▶ _ACTION ITEM_
Copy the listing below letter for letter, passing over each picture.

SUPPLIED DATA below:

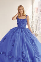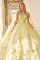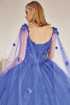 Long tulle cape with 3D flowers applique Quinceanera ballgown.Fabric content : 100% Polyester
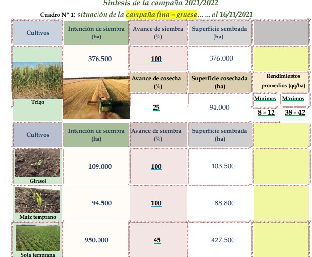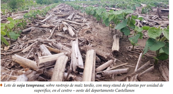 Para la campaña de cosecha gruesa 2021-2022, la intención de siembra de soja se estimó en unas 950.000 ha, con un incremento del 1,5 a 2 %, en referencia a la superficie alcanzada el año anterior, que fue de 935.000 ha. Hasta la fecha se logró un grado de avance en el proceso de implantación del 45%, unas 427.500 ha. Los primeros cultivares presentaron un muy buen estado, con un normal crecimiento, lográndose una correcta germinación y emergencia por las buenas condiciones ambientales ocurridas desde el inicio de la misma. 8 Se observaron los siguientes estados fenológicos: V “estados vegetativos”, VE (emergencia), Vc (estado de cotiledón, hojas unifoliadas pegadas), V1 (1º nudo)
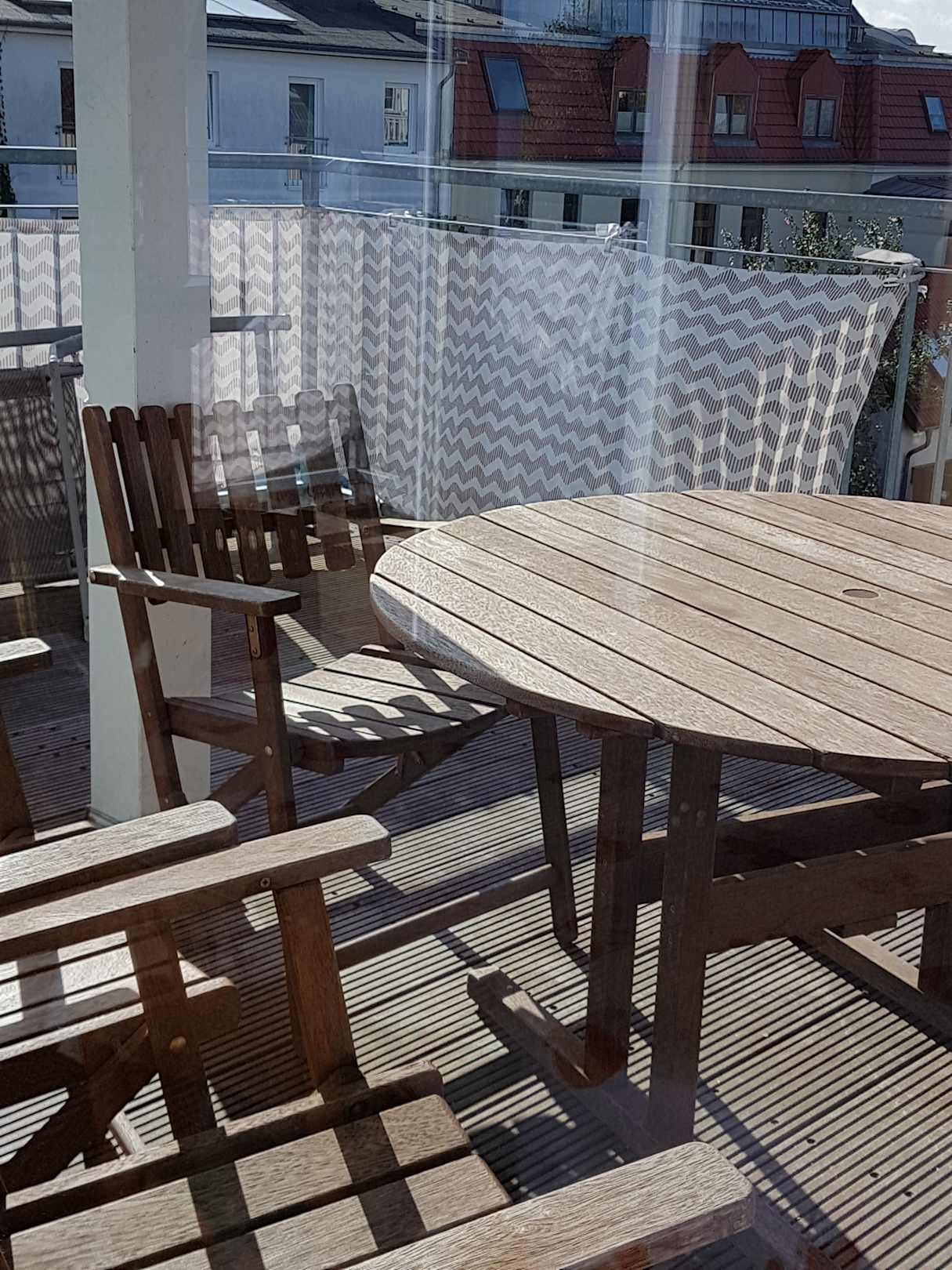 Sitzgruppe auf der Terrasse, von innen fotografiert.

End of SUPPLIED DATA.

▶ _OUTPUT FOR THIS TASK_
 Long tulle cape with 3D flowers applique Quinceanera ballgown.Fabric content : 100% Polyester
 Para la campaña de cosecha gruesa 2021-2022, la intención de siembra de soja se estimó en unas 950.000 ha, con un incremento del 1,5 a 2 %, en referencia a la superficie alcanzada el año anterior, que fue de 935.000 ha. Hasta la fecha se logró un grado de avance en el proceso de implantación del 45%, unas 427.500 ha. Los primeros cultivares presentaron un muy buen estado, con un normal crecimiento, lográndose una correcta germinación y emergencia por las buenas condiciones ambientales ocurridas desde el inicio de la misma. 8 Se observaron los siguientes estados fenológicos: V “estados vegetativos”, VE (emergencia), Vc (estado de cotiledón, hojas unifoliadas pegadas), V1 (1º nudo)
 Sitzgruppe auf der Terrasse, von innen fotografiert.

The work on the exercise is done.